Er gab sich auch nicht der Illusion vieler Exilanten hin, dass die Diktatur Hitlers bald zusammenbrechen werde. Verbittert stellte er fest, dass sich die Mehrheit der Deutschen mit der Diktatur arrangierte und selbst das Ausland Hitlers Herrschaft akzeptierte. Er rechnete mit einem Krieg innerhalb weniger Jahre.

Tucholsky lehnte es strikt ab, sich an der entstehenden Exil-Presse zu beteiligen. Zum einen verstand er sich nicht als Emigrant, da er Deutschland schon 1924 verlassen hatte und erwog, sich um die schwedische Staatsbürgerschaft zu bewerben. Seine tieferen Gründe, warum er sich nicht mehr mit Deutschland beschäftigte, schilderte er in dem bewegenden letzten Brief an Mary Gerold:

„Ich habe über das, was da geschehen ist, nicht eine Zeile veröffentlicht - auf alle Bitten hin nicht. Es geht mich nichts mehr an. Es ist nicht Feigheit - was dazu schon gehört, in diesen Käseblättern zu schreiben. Aber ich bin au-dessus de la mêlée, es geht mich nichts mehr an. Ich bin damit fertig...“

Tatsächlich aber war er noch nicht mit allem fertig, und er nahm sehr wohl Anteil an den Entwicklungen in Deutschland und Europa. Um dem inhaftierten Ossietzky beizustehen, dachte er auch daran, wieder an die Öffentlichkeit zu treten. Kurz vor seinem Tod plante er, in einem scharfen Artikel mit dem einst von ihm verehrten norwegischen Dichter Knut Hamsun abzurechnen. Hamsun hatte sich offen für das Hitler-Regime ausgesprochen und Carl von Ossietzky angegriffen, der ohne sich wehren zu können, im Konzentrationslager Papenburg-Esterwegen einsaß. Hinter den Kulissen unterstützte Tucholsky auch die Verleihung des Friedensnobelpreises des Jahres 1935 an den inhaftierten Freund. Ossietzky erhielt die Auszeichnung tatsächlich im folgenden Jahr rückwirkend für 1935. Den Erfolg seiner Bemühungen hat Kurt Tucholsky jedoch nicht mehr erlebt.

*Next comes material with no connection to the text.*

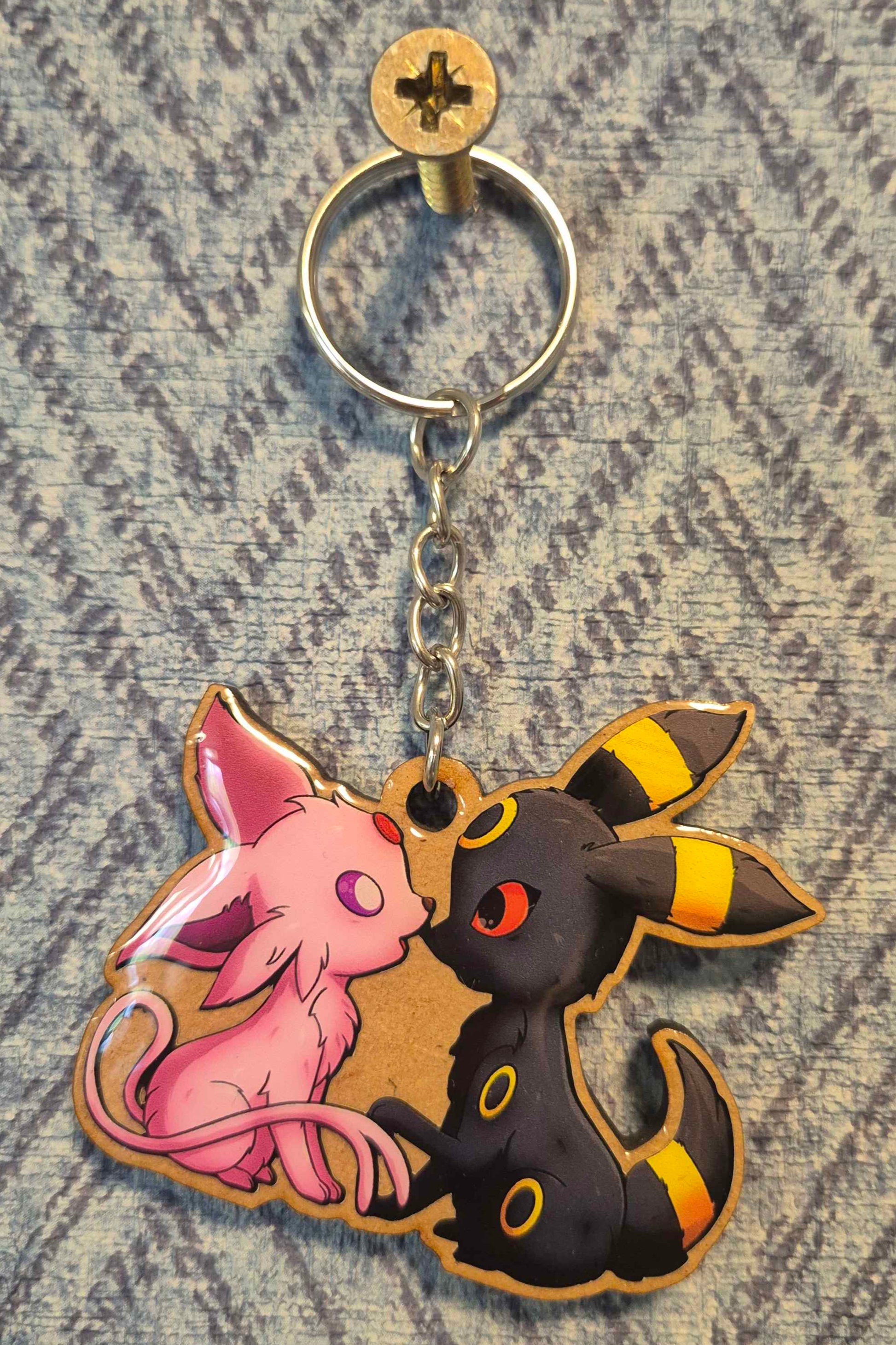 This enchanting wooden keyring features a resin print of my original artwork β two mystical, fox-like creatures with contrasting light and dark fur, gently touching noses and gazing into each otherβs eyes β¨π«

Von der lang anhaltenden Krankheit geschwächt, nahm er am Abend des 20. Dezember 1935 in seinem Haus in Hindås eine Überdosis Schlaftabletten ein. Tags darauf wurde er, schon im Koma liegend, gefunden und ins Sahlgrensche Krankenhaus nach Göteborg gebracht. Dort verstarb Kurt Tucholsky am Abend des 21. Dezember. Die These vom Suizid wird in jüngster Zeit von Tucholskys Biographen Michael Hepp (siehe unten) angezweifelt. Er hält eine Selbsttötung aus Versehen für möglich.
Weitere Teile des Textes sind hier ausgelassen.